Tuesday, January 27, 2009

Mysticism

"Quotes are nothing but inspiration for the uninspired." - Richard Kemph

Now, obviously I take a fair measure of exception to the quote above. Everything I write begins with a quote from someone else. It is often for inspiration. It's also because I love the words of others. Throughout history, there have been some phenomenal thinkers and writers and I am always willing to allow their words to summarize the emotion I am attempting to convey.

Am I uninspired? Often.

Inspired? Occasionally. Now is one of those times. I'm on fire.

Here's what's funny about that:

I have been trying to tell a very specific story for a very long time. I've toyed with it for months, if not years, trying to find the voice. Then recently, I discovered another story that I would like to tell. Again, I couldn't find and angle.

Shiraz called me and said, "Everything you've been writing lately is crap." And yeah, she was just that blunt. I've actually edited out some of the mean shit she said. (And yes, honey, I know you're reading this and you were seriously a bitch - for shizzle.) But, I needed to hear what she had to say. So, I write a ton the night she says it, but it's all still crap.

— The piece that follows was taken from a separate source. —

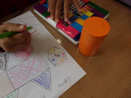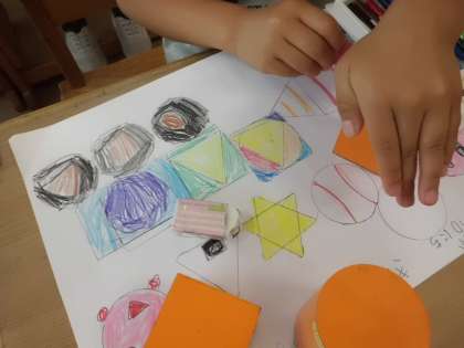 かたちをうつして,絵をかきました。「しかく」や「さんかく」,「まる」の特徴を考えながら,それぞれ絵をかいていました。

The next morning I wake up so inspired that I can barely speak. I don't want to speak to anyone because I'm scared to drown out the words that are pouring out of me - but I'm hopeless and helpless - I can't write longhand anymore - I just can't keep up, and I need privacy and music and my system yo (I'm so street) - but I'm at work, so I'm scratching random thoughts on a piece of paper but it's a challenge to keep up with the thoughts, then try to transcribe them in my wretched handwriting. (I double-dog dare you to come up with a bigger run-on sentence).

Later in the day, Shiraz says to me, "I want more Huda. Go back to that story, I want to know how she got there." And I'm PISSED at her. I hate her at that moment. "I can't tell you what to paint, Shiraz, so don't tell me what to write."

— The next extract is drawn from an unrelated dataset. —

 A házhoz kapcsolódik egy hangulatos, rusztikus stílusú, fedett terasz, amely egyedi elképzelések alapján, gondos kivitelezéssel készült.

A day passes and I write more shit that means exactly nothing - but at least I'm saving it all -and then...the light comes on - and it is Huda's story. All of it. Shiraz was right. Bitch.

It's coming and I already love the story. I wrote obsessively for four hours tonight. I'm spent, but I want to keep writing more. I can't. I think this is it. It's the epitome of it all.

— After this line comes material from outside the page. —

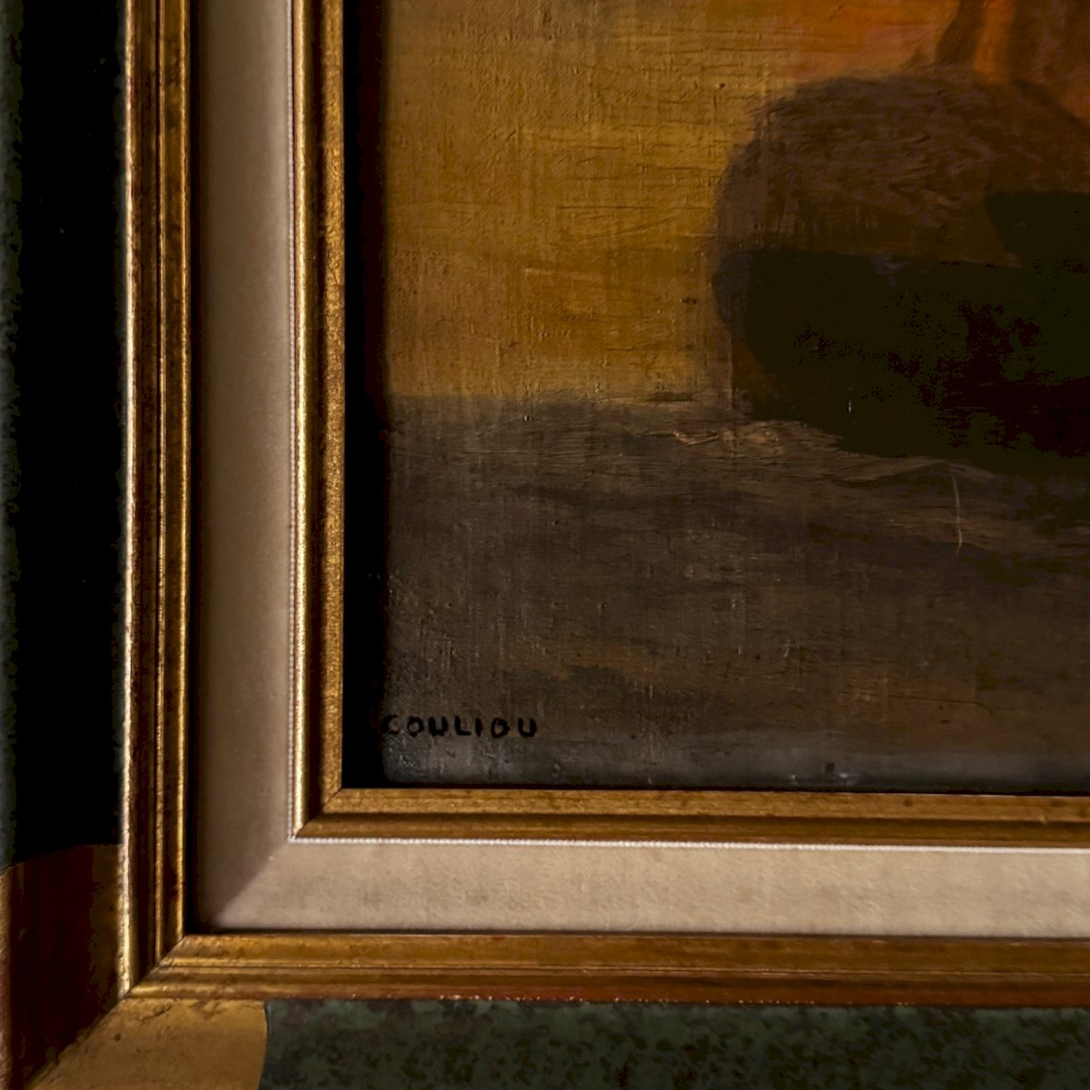 Huile sur toile bateau au soleil couchant par Jean-Yves Couliou XXe A5745 Cette huile sur toile a été réalisée par Jean-Yves Couliou, elle représente un bateau au soleil couchant. Nous signalons des petites taches sur la marie-louise, des craquelures classiques sur la peinture, une légère ondulation de la toile. Après une période naïve,  Jean-Yves Couliou (1916-1995)  se tourne vers l’abstraction pour revenir à une peinture figurative. Ses œuvres sont présentes dans de nombreux musées : Musée d’Art Moderne de la ville de Paris, Musée de Belgrade, Musée de Glasgow, Amsterdam...   Nos photos vous permettent d’apprécier la qualité de l’œuvre. Pour l’état, merci de bien détailler les photos. N’hésitez pas à zoomer. Les photos font partie intégrante de la description. Dimensions  : - Cadre Hauteur : 55,9 cm Largeur : 47,9 cm - Œuvre Hauteur : 39,7 cm Largeur : 31,2 cm P :  1633832   Je reste à votre disposition pour toute question. Authenticité:Inconnu Poids:Inconnue Type:Huile Hauteur:55,9 cm Style:Non-spécifié Genre:Inconnu Longueur:cm Caractéristiques:Encadré, Signé, Sur toile Largeur:47,9 cm Thème:Paysage marin, Bateau

It will be called "Legacy", and I hope that you'll love it as much as I do. When we wake in the morning, we are who we choose to be on that given day, impacted tremendously by genetics, desires and reality. Our legacies are largely given to us.

2 comments:

Shabnam said...

Well we all need a bitch in our life. Because life's a bitch.
Anyway I don't like the quote on that one. I don't believe it. And I realized too that not everybody who comes up with a quote is intelligent and I don't have to agree with all the quotes. But this blog is the best of the newest ones. It explains that friendship isn't always about beauty.
Bitch!

Shabnam said...

And yes you can tell someone what to paint. Yes you can, the thing is you sturr up something and either they paint it or not. It's not about what you can and can't do. It's about what you do. And any real artist knows or hopefully learns how to channel a feeling into something they want. Their creation hon!

p.s. my password verification is PRIESTR for this one? Strange? Am I preaching again. Is this kermit knocking again?